What is needed is an exact copy of the data below, pictures excluded.

Stored data:
☆ ☆ ☆ ☆ ☆

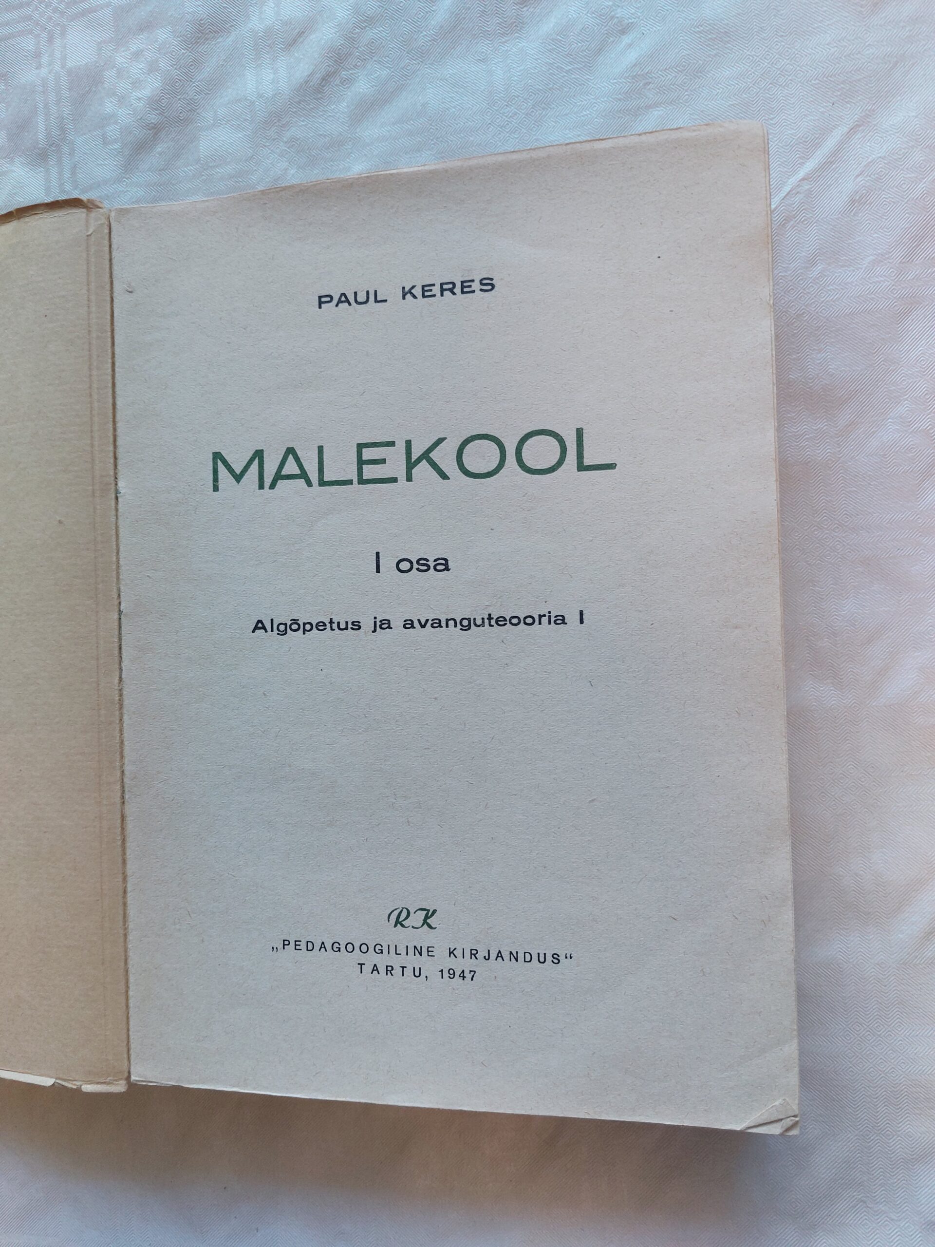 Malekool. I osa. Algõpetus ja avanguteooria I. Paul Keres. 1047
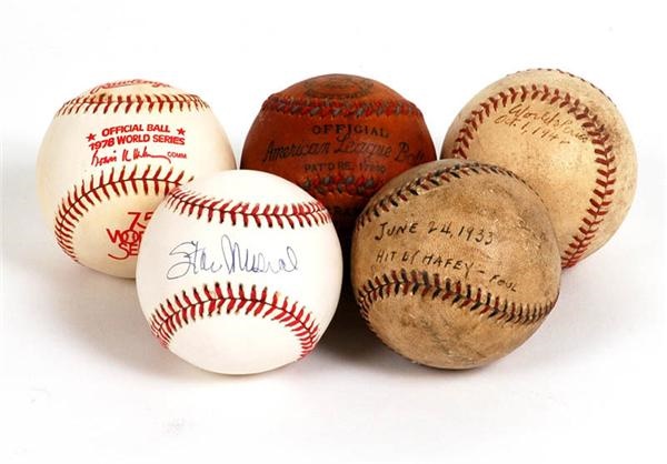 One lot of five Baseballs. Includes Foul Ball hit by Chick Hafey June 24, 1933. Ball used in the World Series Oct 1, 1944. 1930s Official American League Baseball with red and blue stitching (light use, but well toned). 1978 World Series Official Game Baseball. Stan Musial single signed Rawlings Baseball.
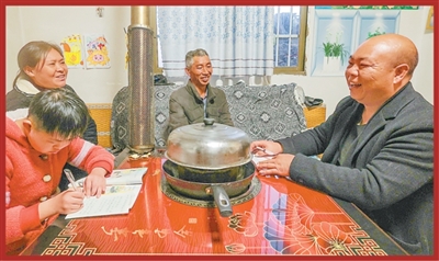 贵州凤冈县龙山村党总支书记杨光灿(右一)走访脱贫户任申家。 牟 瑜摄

☆ ☆ ☆ ☆ ☆

Answer box:
 Malekool. I osa. Algõpetus ja avanguteooria I. Paul Keres. 1047
 One lot of five Baseballs. Includes Foul Ball hit by Chick Hafey June 24, 1933. Ball used in the World Series Oct 1, 1944. 1930s Official American League Baseball with red and blue stitching (light use, but well toned). 1978 World Series Official Game Baseball. Stan Musial single signed Rawlings Baseball.
 贵州凤冈县龙山村党总支书记杨光灿(右一)走访脱贫户任申家。 牟 瑜摄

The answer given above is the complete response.